**WORK ITEM:**
Retype every record exactly. Leave the pictures out.

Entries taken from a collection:

════════════════

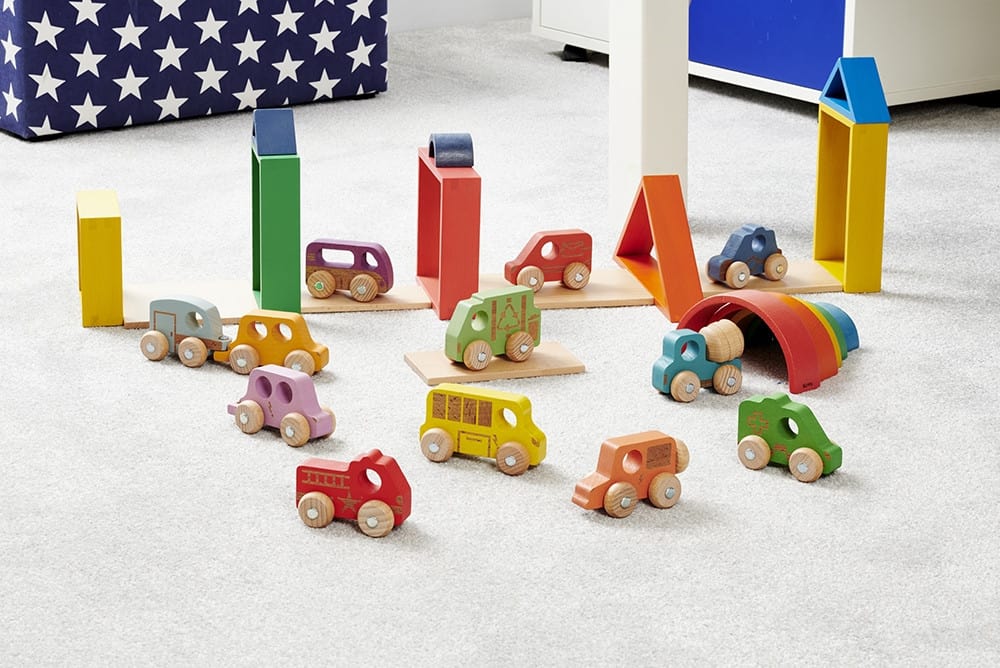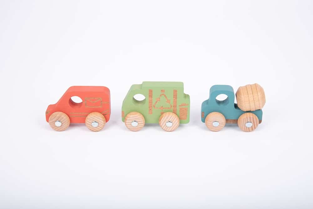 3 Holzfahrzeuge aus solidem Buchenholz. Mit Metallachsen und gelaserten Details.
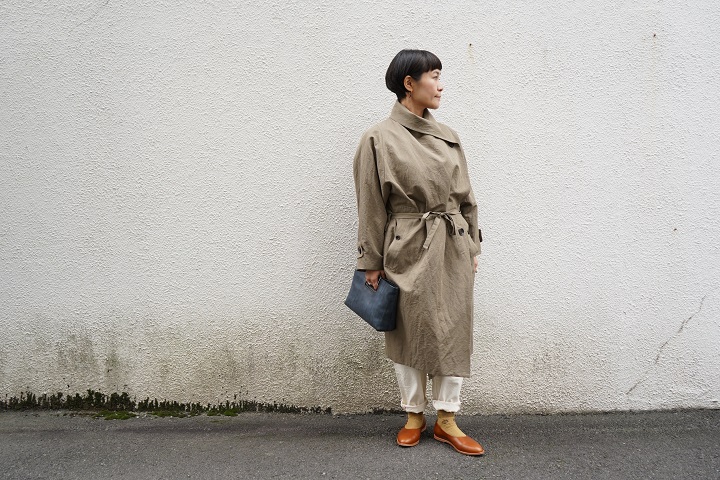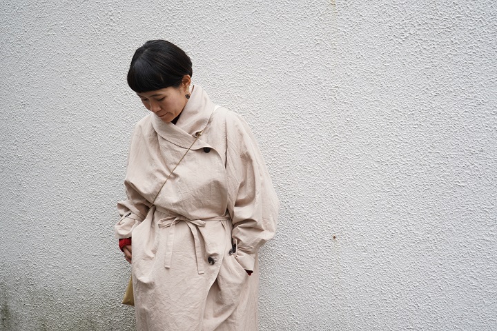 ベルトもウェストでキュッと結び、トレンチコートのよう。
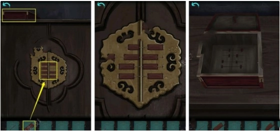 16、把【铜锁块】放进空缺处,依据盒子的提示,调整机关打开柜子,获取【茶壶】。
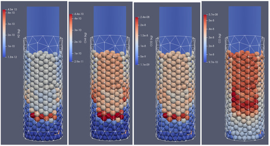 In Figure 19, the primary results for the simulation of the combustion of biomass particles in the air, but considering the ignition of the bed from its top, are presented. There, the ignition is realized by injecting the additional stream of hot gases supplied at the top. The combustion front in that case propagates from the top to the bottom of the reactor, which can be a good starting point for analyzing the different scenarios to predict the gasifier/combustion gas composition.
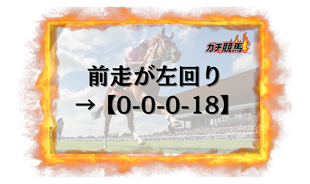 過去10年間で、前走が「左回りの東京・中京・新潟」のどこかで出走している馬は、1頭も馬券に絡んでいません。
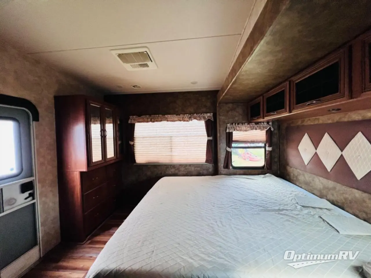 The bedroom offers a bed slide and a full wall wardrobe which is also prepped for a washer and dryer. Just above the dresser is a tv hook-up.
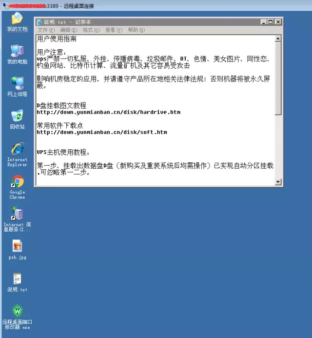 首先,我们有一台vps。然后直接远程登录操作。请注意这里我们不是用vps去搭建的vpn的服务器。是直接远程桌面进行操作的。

════════════════

**RESULT FOR THIS EXERCISE:**
 3 Holzfahrzeuge aus solidem Buchenholz. Mit Metallachsen und gelaserten Details.
 ベルトもウェストでキュッと結び、トレンチコートのよう。
 16、把【铜锁块】放进空缺处,依据盒子的提示,调整机关打开柜子,获取【茶壶】。
 In Figure 19, the primary results for the simulation of the combustion of biomass particles in the air, but considering the ignition of the bed from its top, are presented. There, the ignition is realized by injecting the additional stream of hot gases supplied at the top. The combustion front in that case propagates from the top to the bottom of the reactor, which can be a good starting point for analyzing the different scenarios to predict the gasifier/combustion gas composition.
 過去10年間で、前走が「左回りの東京・中京・新潟」のどこかで出走している馬は、1頭も馬券に絡んでいません。
 The bedroom offers a bed slide and a full wall wardrobe which is also prepped for a washer and dryer. Just above the dresser is a tv hook-up.
 首先,我们有一台vps。然后直接远程登录操作。请注意这里我们不是用vps去搭建的vpn的服务器。是直接远程桌面进行操作的。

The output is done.